The LKML thread: http://lkml.org/lkml/2007/1/25/184
Recursive probe hit on SMP
Reported by jb17some on 27th March 2008 with patched 2.6.25-rc6.
Mar 26 21:19:02 amd64linuxmsi kernel: NVRM: loading NVIDIA UNIX x86_64 Kernel Module 169.12 Thu Feb 14 17:51:09 PST 2008
Mar 26 21:19:08 amd64linuxmsi kernel: mmiotrace: ioremap_*(0xfd000000, 0x1000000) = ffffc20004d80000
...
kmmio: recursive probe hit on CPU 0, for address 0xffffc20004d80140. Ignoring.
BUG: unable to handle kernel paging request at ffffc20004d80140
IP: [<ffffffff8845fad2>] :nvidia:_nv003829rm+0x16/0x1b
PGD 77a34067 PUD 77a35067 PMD 54ada067 PTE 80000000fd00017a
Oops: 0002 [1] SMP DEBUG_PAGEALLOC
Using a single processor this bug does not trigger. It excludes the possibility of an instruction that legitimately faults twice.
Discussion and solution options: http://lkml.org/lkml/2008/3/28/391 (link fixed)
Hard lockup while tracing NV50 hardware
Netconsole does not output anything. Sometimes cpu0 log can get tens of thousands of lines, sometimes it's empty. A user reported that have to run X with the blob before starting to trace with the hooked blob. Koala_BR managed to do traces by using filter_offset.
There was a mapping of the range 0x0-0x600 in PCI space, I tried excluding that, but it doesn't help. The blob also maps multiple times addresses above 0xf0000000 where there is nothing that I can see of, looking at lspci. Didn't try to exclude those yet.
I implemented a module parameter to disable the actual MMIO tracing in mmio.ko. This gets me a list of would-be-traced addresses.
Among three users (me, cbaoth and clearer) we all have 64-bit Intel CPU, but not all 64-bit Linux. Clearer is running nv40, though.
evidence: hard lockup, netconsole is useless. After the blob has been running once, mmio-tracing after that works. Sometimes the MAP and UNMAP events get into the trace file before the machine freezes, but I never see the respective printk's in netconsole kernel output. NMI watchdog seems to detect a lockup, but the report did not make it into the disk. The only thing seen in the NMI report is something in spinlock.
cbaoth says he gets nothing to serial console, but kbd leds caps&scroll blinking. Even when I added per-CPU kmmio context, things do not change. Does not look like double faulting anymore, as that should now trigger a loud panic. All this is with blob version 100.14.19 or the one earlier. Version 169.07 is said to work okay with mmio-trace.
hypothesis: In lack of better ideas, let's blame nvidia for implementing a deadly race condition that normally never triggers, but mmio-trace screws all odds and makes it trip. Or for mapping stuff that is not theirs.

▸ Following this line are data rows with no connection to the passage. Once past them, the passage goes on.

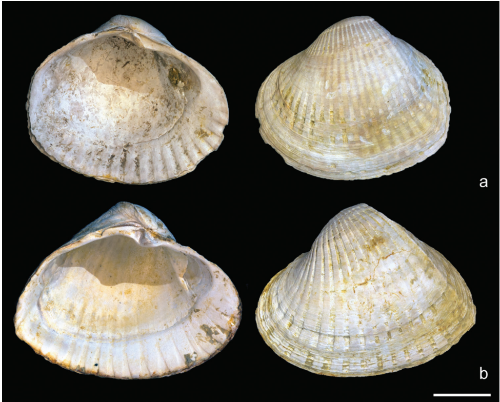
Figure 3. Didacna baeri versus D. eichwaldi from Holocene (Novocaspian) deposits of Turali Lagoon (Dagestan, Russia). a RGM.961899, Didacna baeri (Grimm, 1877) b RGM.961900, Didacna eichwaldi (Krynicky, 1837), same locality. Scale bar: 1 cm.

Taxonomic notes. In recent works (Kijashko in Bogutskaya et al. 2013), the species Didacna crassa (Eichwald, 1829) [= D. eichwaldi (Krynicky, 1837)] has been considered a synonym of D. baeri . However, we see morphological discontinuities in our extensive material from the northern Caspian Sea Basin that implies that D. eichwaldi with its protruding umbo and shouldered appearance is distinct from D. baeri that is characterised by a rounded umbo (see discussion above under D. baeri ). Despite being in common usage, the name Didacna crassa is invalid as it is a junior homonym of Cardium crassum Gmelin, 1791; Krynicky (1837) introduced Cardium eichwaldi as replacement name.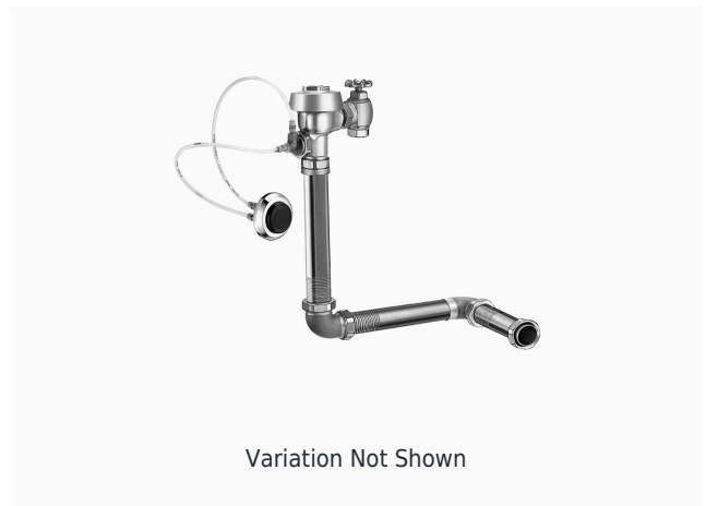
Variation Not Shown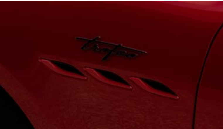
Ghibli Trofeo - Side air vents and Trofeo Badge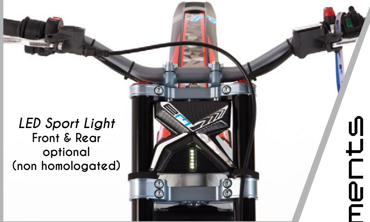
LED Sport Light Front & Rear optional (non homologated)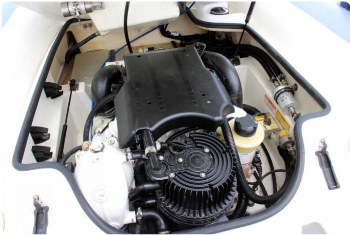
Williams Jet Tenders Turbojet 285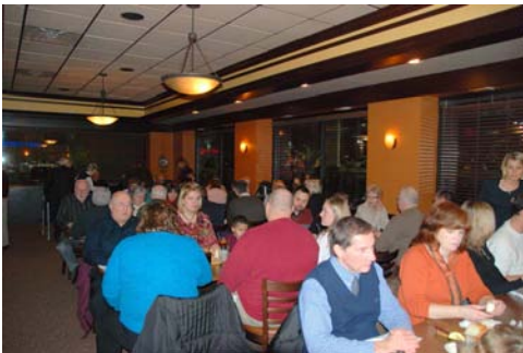
The KARS crowd at The Brickstone looking left...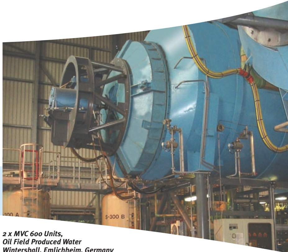
2 x MVC 600 Units, Oil Field Produced Water Wintershall, Emlichheim, Germany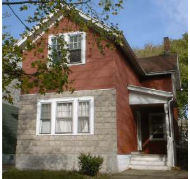
35 Plymouth Avenue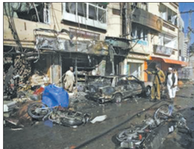
A firefighter sprays water on a vehicle at the site of a bomb attack in Quetta on 21 Nov, 2012.

In a separate attack, suspected militants shot dead four policemen in the northwestern town of Bannu, a police official said. Pakistan's Taliban movement claimed responsibility.—Reuters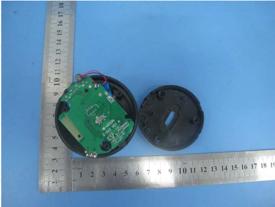
Photo 6 Appearance of PCB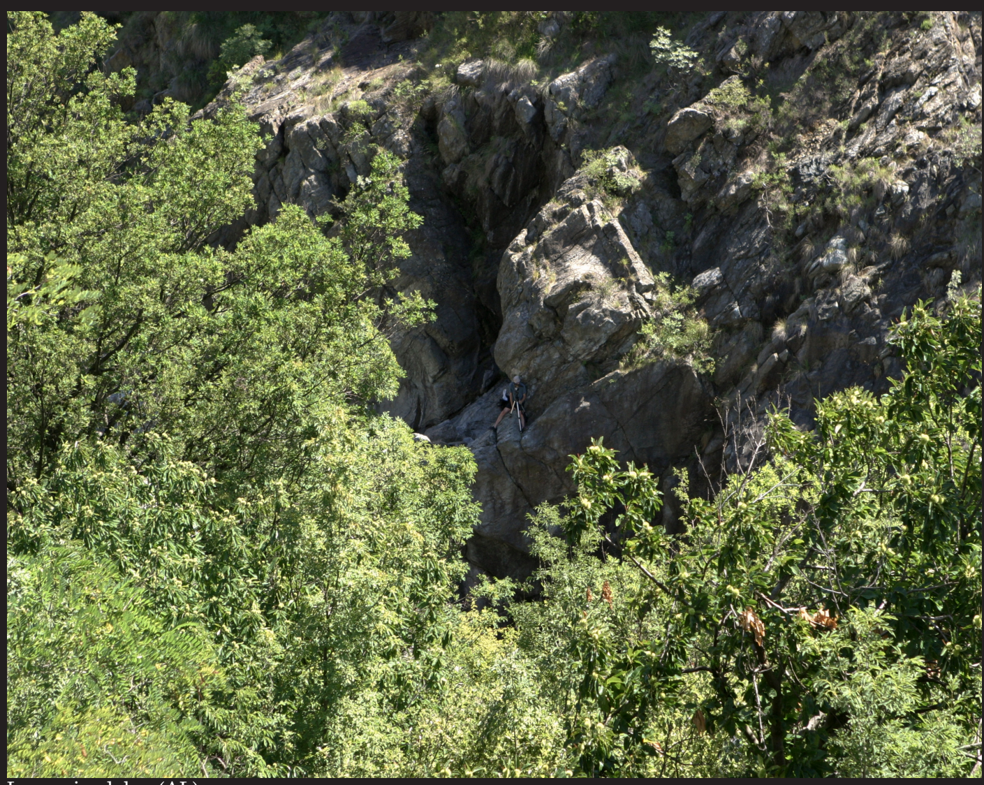
Lavagnina lakes (AL)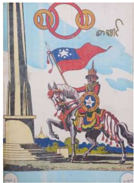
Comparison of Front Covers of the BSI Periodicals Vol. IV, No. 1 and 2 (Front Cover of the rest ten issues are the same with No. 1)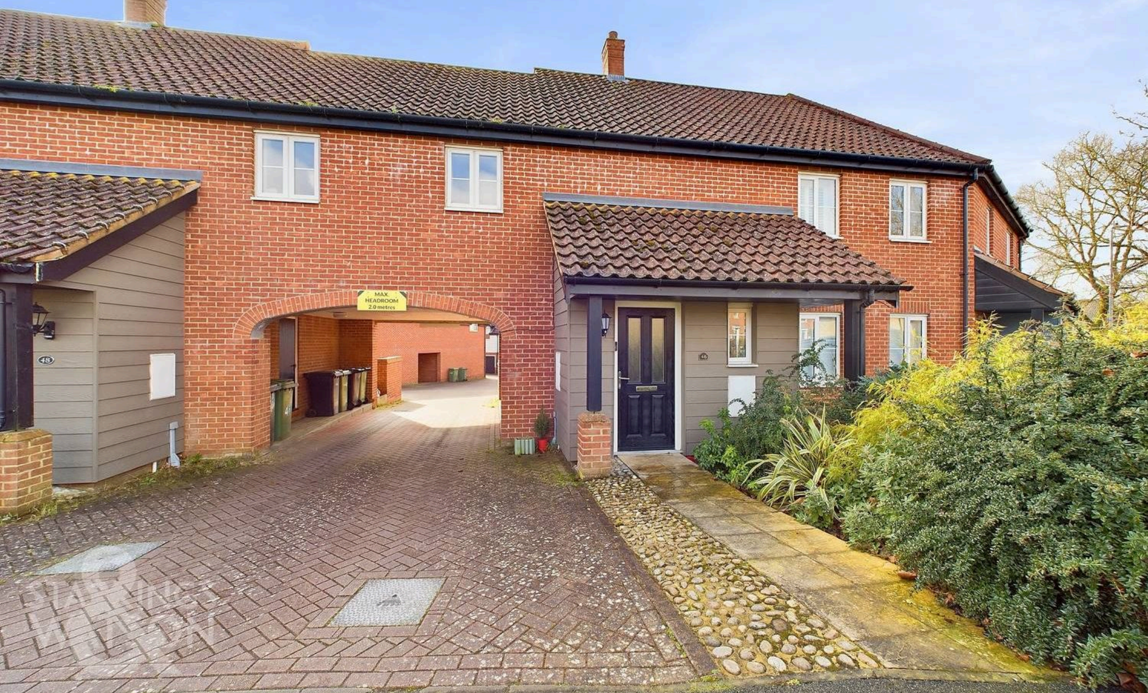
The Ridings, Poringland - NR14 7GE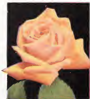
Duchess of Wellington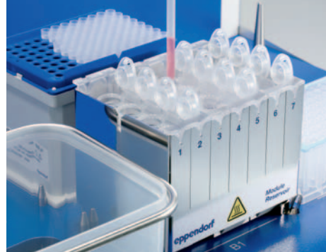
Easy integration in the ep Motion automated pipetting system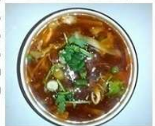
30 Manchow soup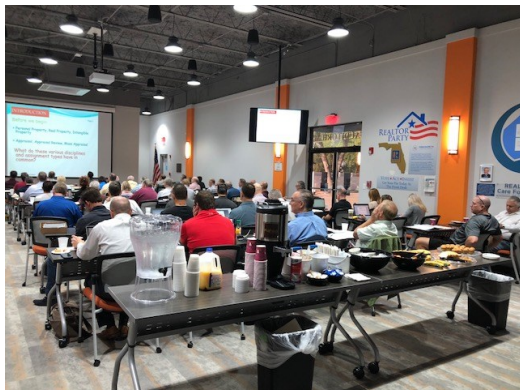
Florida Law seminar at Tampa Realtors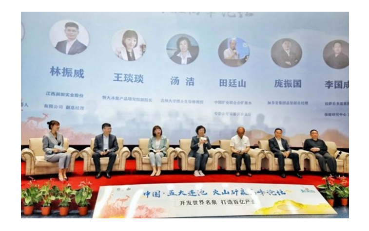
Held mineral spring forum in June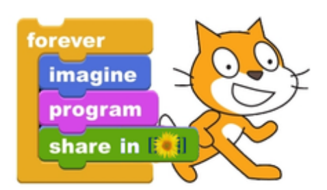
Figure 12. Logo of Scratch extension

In 2010 we made special MediaWiki extension which allowed us to insert Scratch applets in the MediaWiki website. In this first version of an extension you have to upload your scratch script on scratch.mit.edu The URL of extension is http://www.mediawiki.org/wiki/Extension:Scratch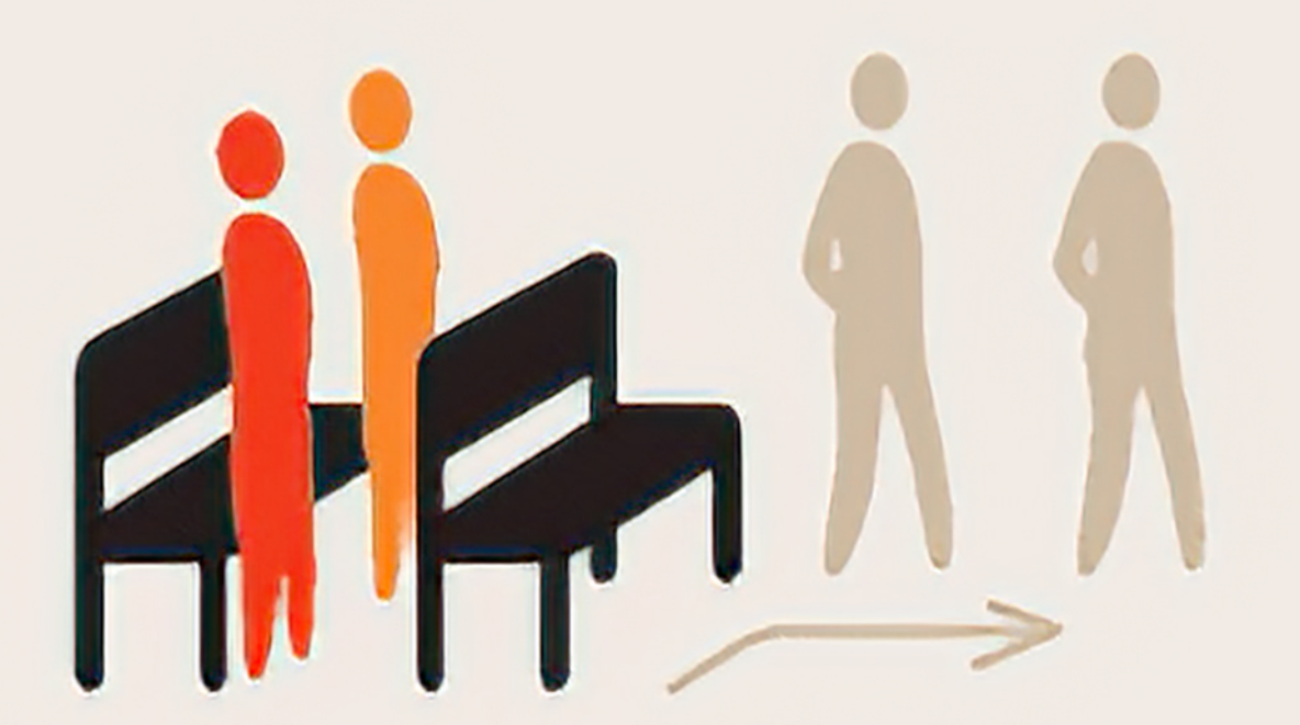
Proceed one pew at a time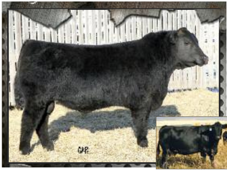
HF MISTRESS 6M

BW 92 Sep 23 WT 915 ADJ 205 WT 770 SALE DAY WT _____ WPDA 3.67 AGE OF DAM 8 BW 3.2 WW 56 YW 93 MILK 16 TM 44 SC 0.75 CE 1.0 MCE 5.0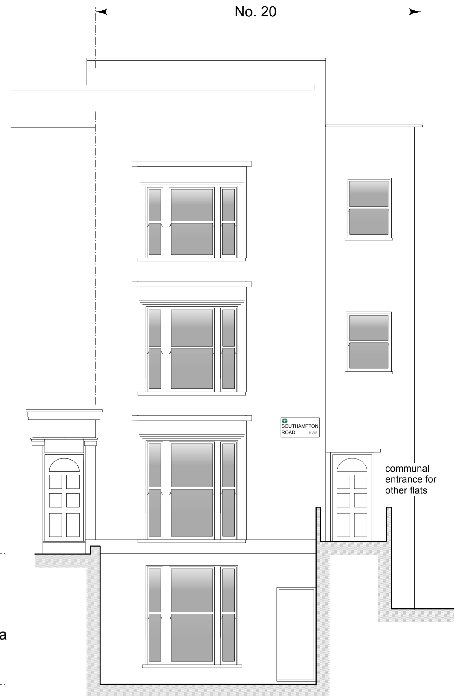
EXISTING FRONT ELEVATION FROM WITHIN PROPERTY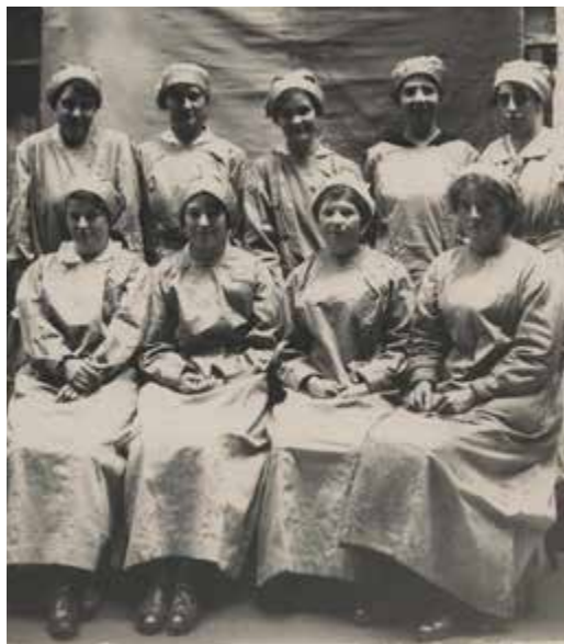
Munitions girls (dated June 22 1918)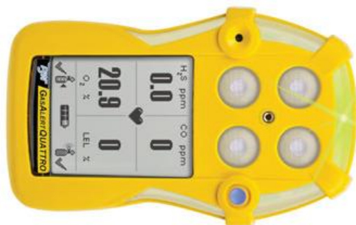
Gas Alert Quattro

The Gas Alert Quattro costs about $700 depending on configuration. It measures 5.1 x 3.2 x 1.9 inches and weighs 11 to 12 ounces. It can include up to four simultaneous sensors and has single button operation. Sensor options include O 2 , %LEL, H 2 S, and CO. In addition to alarms, the display shows continuous sensor readings and calibration status. Power options include either an interchangeable battery pack that is rechargeable or an alkaline battery pack. Manufacturers estimated run time is 21 hours for the rechargeable battery.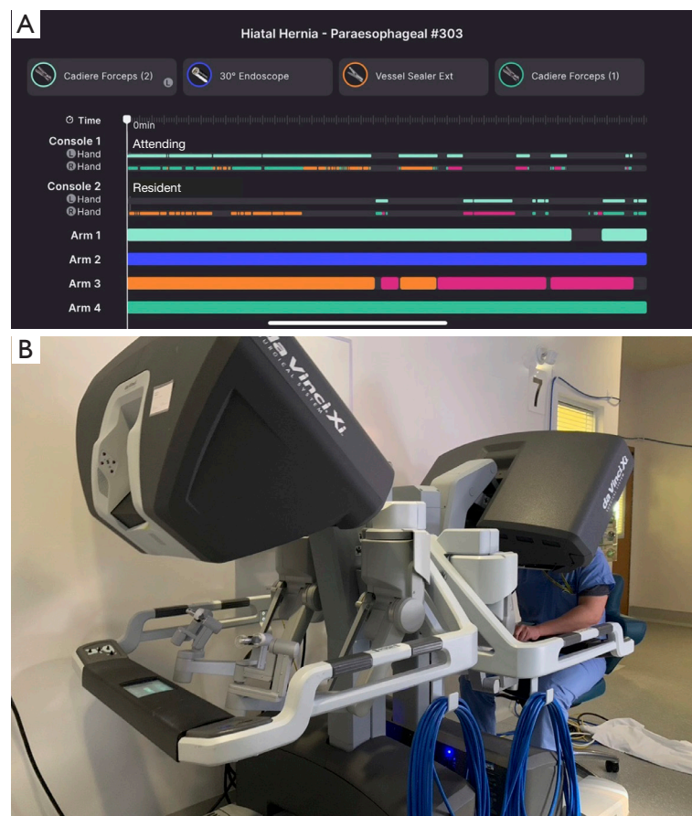
Figure 2 Image of the instrument used by the attending and the resident during paraesophageal hernia repair (A). Photo of Da Vinci Xi dual console with a resident in the second console (B).

first robot-assisted hiatal hernia repair. All residents who performed the first robot-assisted hiatal hernia repair were chief residents. During the 13 months before implementing the video-based curriculum, the residents spent 11% of the time controlling the robot during the case. After the implementation of the program, the resident spent significantly more time controlling the robot (48%, P < 0.0001 , Figure 3 ).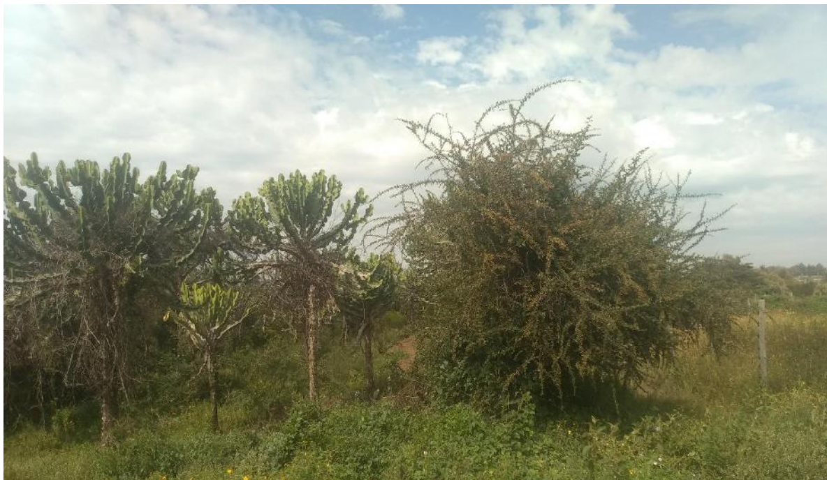
Figure 1: Plant species

The proposed site has sparsely distributed indigenous tree species though the area is largely dominated by green houses and other farms. The tree species are not under the International Union of Conservancy of Nature (IUCN) as threatened or endangered. Some of the tree species notable in the proposed project site was the Euphobia candelabrum .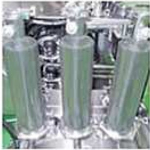
Air & cleaning water filter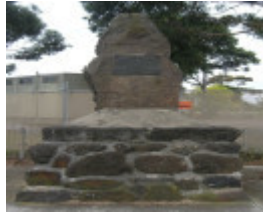
HO34 Hume Hovell Cairn.JPG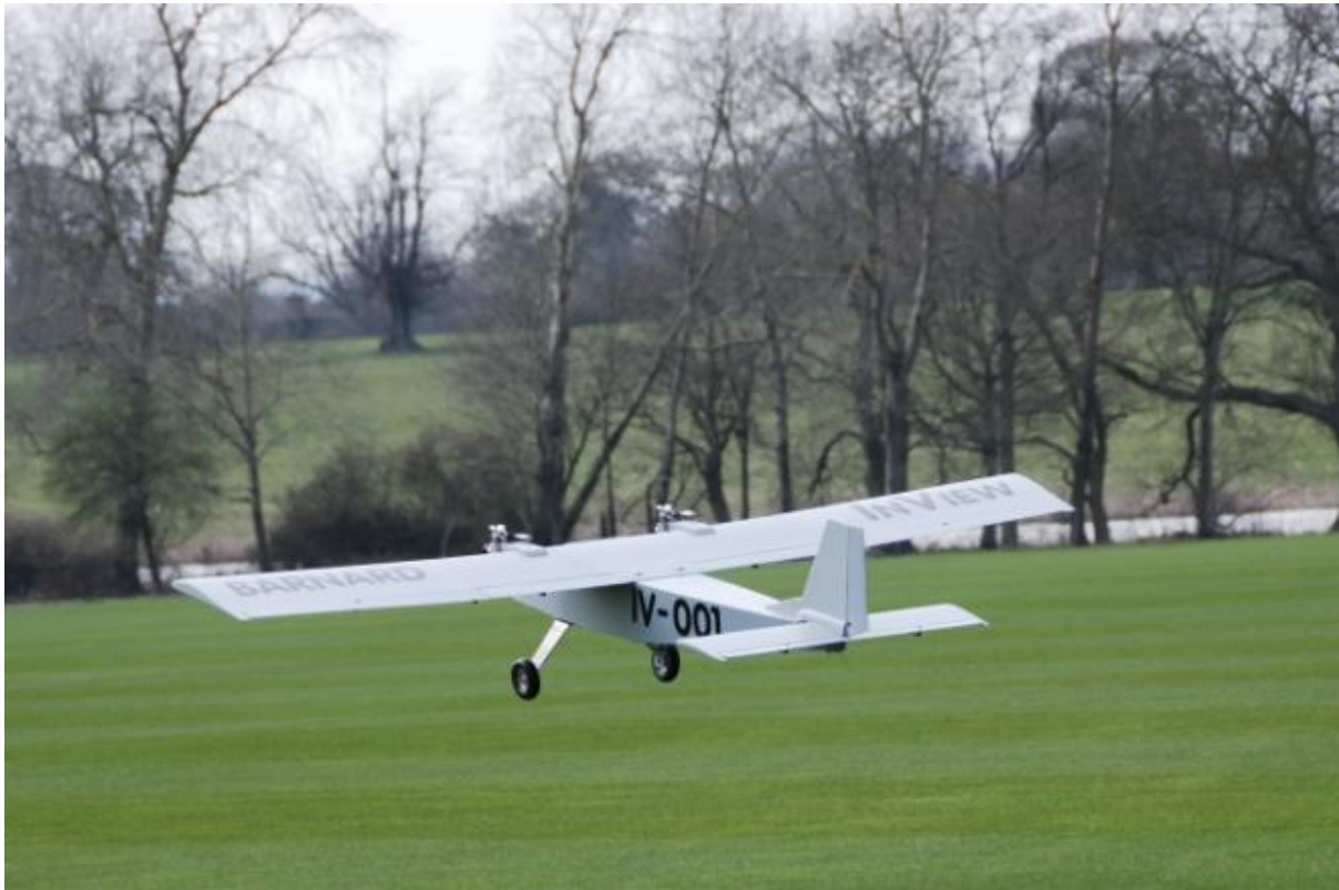
Above: The InView IV-001 was based on the Telemaster Senior design. The Telemaser Senior, however, had a single engine at the front, but we needed a twin engine configuration. Due to the relocation of the engines, this design was too tail heavy. First Test Flight on 9 April 2010.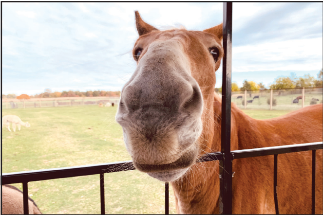
Horses will remain as part of the Dutch Creek Farm Animal Park attraction when it reopens in May.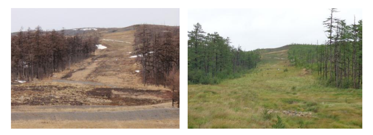
Photo 5 Comparison of re-vegetation on RoW near R. Khandusa in June 2010 (left) and September 2012 (right)

This year's monitoring visit further reinforced this trend and showed continued and marked improvement in re-vegetation and ground cover over the last 2 years – see for example the comparison of the condition of the RoW near the river Khandusa between June 2010 and September 2012 (Photo 5).

status: On hold, until mmio-trace is in mainline kernel and the "unknown opcode" issue is fixed.
- See if kernel boot option
mem=nopentium
makes a difference. In theory it should not... - May be debugged using remote DMA over Firewire (The DMA busmastering hardware of FireWire can work even when the CPU is stuck with interrupts disabled, but the PCI bus and the DRAM controller must be alive). Quick Howto: Connect two boxes with Firewire, load ochi1394 on both, copy System.map from lockup machine to debug machine, install firescope (grep -r /firescope Documentation in 2.6.25rcX) run it and get dmesg buffer readout working, run the mmiostrace. If firescope is working in that lockup, you can also use a version of fireproxy (I think 0.33) to parse the RAM of the locked-up machine using gdb with debug symbols of the kernel.
Null pointer dereferences in single step handler
existence: http://people.pwf.cam.ac.uk/sb476/nv/derefcrash.txt
hypothesis: We also seem to have a race where the page fault handler is called before we can single step the faulting instruction.
This could perhaps happen if an instruction caused two faults for different pages. However, this hypothesis has not been confirmed as the cause of the problem that we see.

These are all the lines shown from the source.